Once you find the line with "野田琺瑯(ほうろう)製持ち手付味噌ストッカー" in the listing below, set down exactly every line from it through the line with "Glad2Glow โพเมเกรเนต ไนอะซินาไมด์", but no pictures.

◆ **Given records**:
┄┄┄┄┄┄┄┄┄┄┄┄┄┄┄┄┄┄┄┄

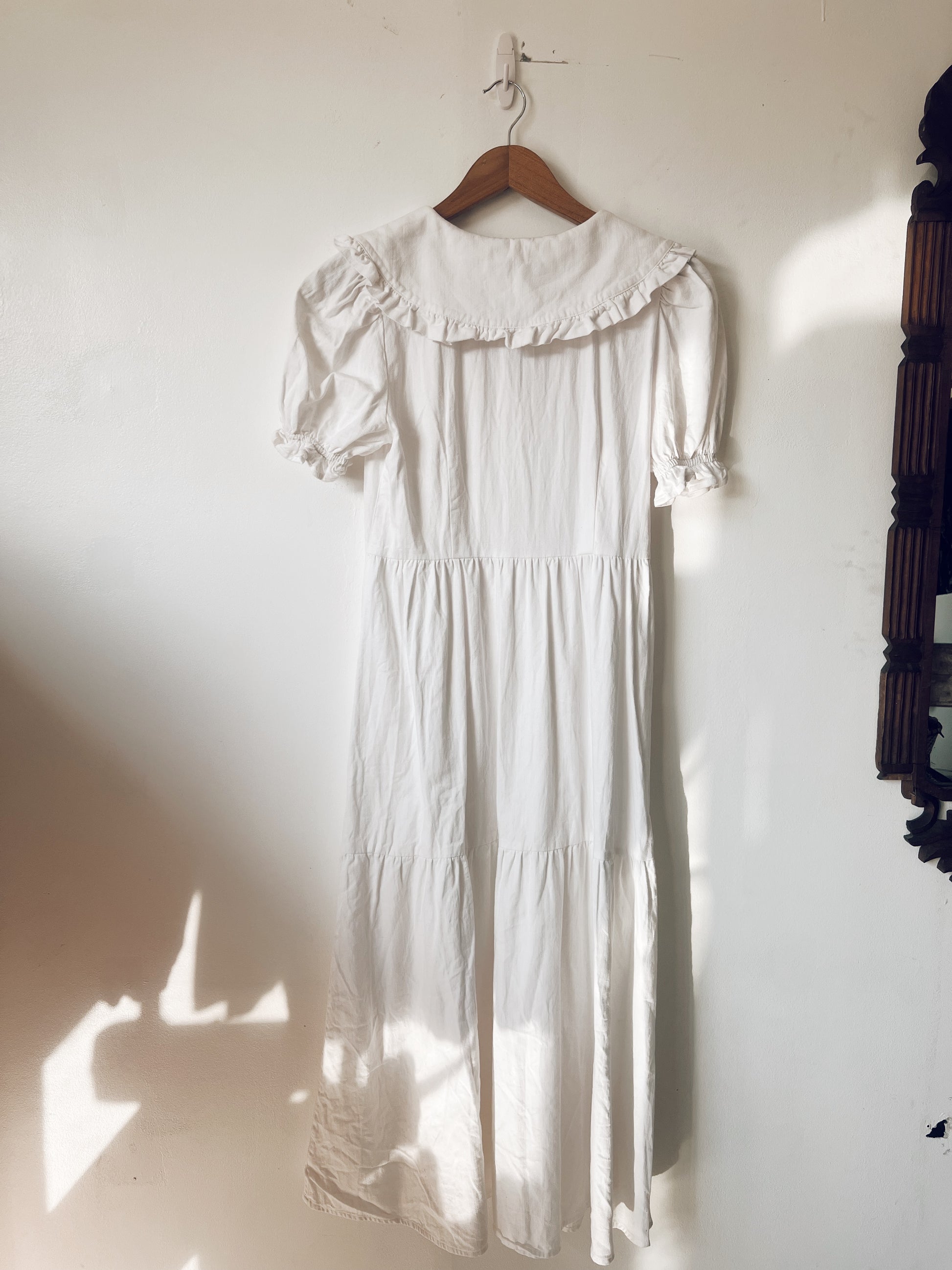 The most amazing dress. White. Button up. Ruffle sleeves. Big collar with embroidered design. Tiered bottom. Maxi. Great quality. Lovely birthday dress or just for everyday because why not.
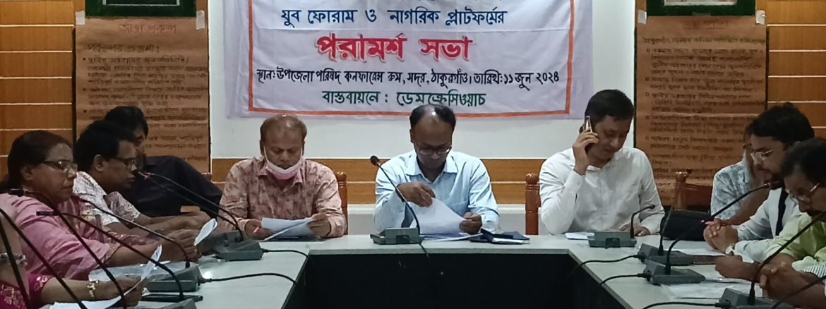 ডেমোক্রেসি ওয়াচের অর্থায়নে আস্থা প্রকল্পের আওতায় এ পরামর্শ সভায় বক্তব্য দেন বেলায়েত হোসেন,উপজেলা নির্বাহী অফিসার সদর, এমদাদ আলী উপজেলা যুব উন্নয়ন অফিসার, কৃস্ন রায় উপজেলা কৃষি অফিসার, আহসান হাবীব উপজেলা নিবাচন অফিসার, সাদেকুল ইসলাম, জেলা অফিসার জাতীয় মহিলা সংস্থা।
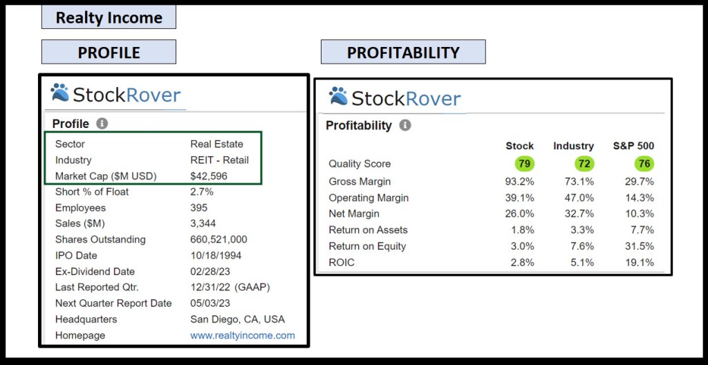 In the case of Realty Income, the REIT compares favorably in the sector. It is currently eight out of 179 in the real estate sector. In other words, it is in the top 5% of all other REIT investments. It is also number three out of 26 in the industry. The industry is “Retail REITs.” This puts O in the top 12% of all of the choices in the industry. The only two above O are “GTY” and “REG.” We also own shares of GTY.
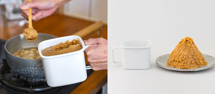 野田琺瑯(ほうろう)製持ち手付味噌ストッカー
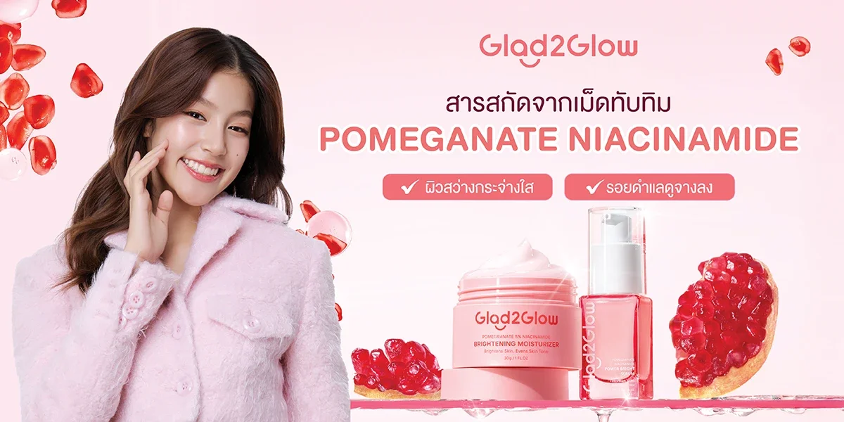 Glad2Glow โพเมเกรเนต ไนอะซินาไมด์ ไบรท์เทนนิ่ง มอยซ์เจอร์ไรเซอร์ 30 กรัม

┄┄┄┄┄┄┄┄┄┄┄┄┄┄┄┄┄┄┄┄

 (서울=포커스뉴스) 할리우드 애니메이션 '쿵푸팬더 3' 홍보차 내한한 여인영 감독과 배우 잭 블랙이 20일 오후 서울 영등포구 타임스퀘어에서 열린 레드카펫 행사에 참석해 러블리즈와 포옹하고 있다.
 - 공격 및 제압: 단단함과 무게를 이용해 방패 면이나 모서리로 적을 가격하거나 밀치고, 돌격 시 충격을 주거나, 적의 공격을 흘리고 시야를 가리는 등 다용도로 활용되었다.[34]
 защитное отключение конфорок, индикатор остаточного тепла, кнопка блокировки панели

┄┄┄┄┄┄┄┄┄┄┄┄┄┄┄┄┄┄┄┄

◆ **The completed task**:
 野田琺瑯(ほうろう)製持ち手付味噌ストッカー
 Glad2Glow โพเมเกรเนต ไนอะซินาไมด์ ไบรท์เทนนิ่ง มอยซ์เจอร์ไรเซอร์ 30 กรัม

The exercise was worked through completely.